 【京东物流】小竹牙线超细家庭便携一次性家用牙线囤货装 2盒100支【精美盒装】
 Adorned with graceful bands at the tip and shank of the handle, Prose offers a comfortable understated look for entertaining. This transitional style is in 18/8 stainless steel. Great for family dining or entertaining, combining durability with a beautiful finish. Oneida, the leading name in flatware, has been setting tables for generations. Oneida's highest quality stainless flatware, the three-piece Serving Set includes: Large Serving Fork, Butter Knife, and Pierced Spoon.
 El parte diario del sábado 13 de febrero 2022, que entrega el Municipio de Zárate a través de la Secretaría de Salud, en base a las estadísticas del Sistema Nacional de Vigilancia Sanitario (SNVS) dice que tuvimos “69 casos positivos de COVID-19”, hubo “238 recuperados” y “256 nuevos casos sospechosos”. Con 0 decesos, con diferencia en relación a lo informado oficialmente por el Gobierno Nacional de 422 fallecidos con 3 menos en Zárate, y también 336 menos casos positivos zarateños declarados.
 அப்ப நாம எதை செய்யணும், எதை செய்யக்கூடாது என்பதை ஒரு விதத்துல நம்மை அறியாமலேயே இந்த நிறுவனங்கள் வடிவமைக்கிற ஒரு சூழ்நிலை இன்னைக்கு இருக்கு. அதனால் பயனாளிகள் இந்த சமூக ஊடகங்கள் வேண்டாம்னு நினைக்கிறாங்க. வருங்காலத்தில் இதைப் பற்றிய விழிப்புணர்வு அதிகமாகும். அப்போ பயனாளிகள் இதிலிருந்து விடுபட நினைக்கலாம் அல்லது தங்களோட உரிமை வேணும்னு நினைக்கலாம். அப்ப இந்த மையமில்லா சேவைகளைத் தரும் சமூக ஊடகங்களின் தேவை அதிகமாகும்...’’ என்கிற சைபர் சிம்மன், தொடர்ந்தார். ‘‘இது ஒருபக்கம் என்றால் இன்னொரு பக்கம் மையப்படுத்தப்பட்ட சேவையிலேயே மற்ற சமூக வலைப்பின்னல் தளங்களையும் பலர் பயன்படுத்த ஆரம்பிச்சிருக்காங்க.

...

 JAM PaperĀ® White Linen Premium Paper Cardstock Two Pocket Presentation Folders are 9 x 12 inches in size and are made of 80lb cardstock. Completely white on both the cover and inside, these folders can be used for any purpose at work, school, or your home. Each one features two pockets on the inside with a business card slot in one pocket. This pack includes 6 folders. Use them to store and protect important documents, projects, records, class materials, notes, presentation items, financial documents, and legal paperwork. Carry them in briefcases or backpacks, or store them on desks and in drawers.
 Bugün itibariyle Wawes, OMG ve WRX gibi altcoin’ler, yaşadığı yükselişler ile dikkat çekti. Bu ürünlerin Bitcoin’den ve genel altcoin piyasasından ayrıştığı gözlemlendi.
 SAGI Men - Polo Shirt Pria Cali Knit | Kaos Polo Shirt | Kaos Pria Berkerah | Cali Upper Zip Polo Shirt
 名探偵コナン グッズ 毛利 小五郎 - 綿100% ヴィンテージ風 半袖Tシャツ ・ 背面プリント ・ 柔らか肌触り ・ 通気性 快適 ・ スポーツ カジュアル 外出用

_TASK GOAL_. Find "This" in the preceding records. Copy each line that holds it.

_FINISHED TASK_.
 Adorned with graceful bands at the tip and shank of the handle, Prose offers a comfortable understated look for entertaining. This transitional style is in 18/8 stainless steel. Great for family dining or entertaining, combining durability with a beautiful finish. Oneida, the leading name in flatware, has been setting tables for generations. Oneida's highest quality stainless flatware, the three-piece Serving Set includes: Large Serving Fork, Butter Knife, and Pierced Spoon.
 JAM PaperĀ® White Linen Premium Paper Cardstock Two Pocket Presentation Folders are 9 x 12 inches in size and are made of 80lb cardstock. Completely white on both the cover and inside, these folders can be used for any purpose at work, school, or your home. Each one features two pockets on the inside with a business card slot in one pocket. This pack includes 6 folders. Use them to store and protect important documents, projects, records, class materials, notes, presentation items, financial documents, and legal paperwork. Carry them in briefcases or backpacks, or store them on desks and in drawers.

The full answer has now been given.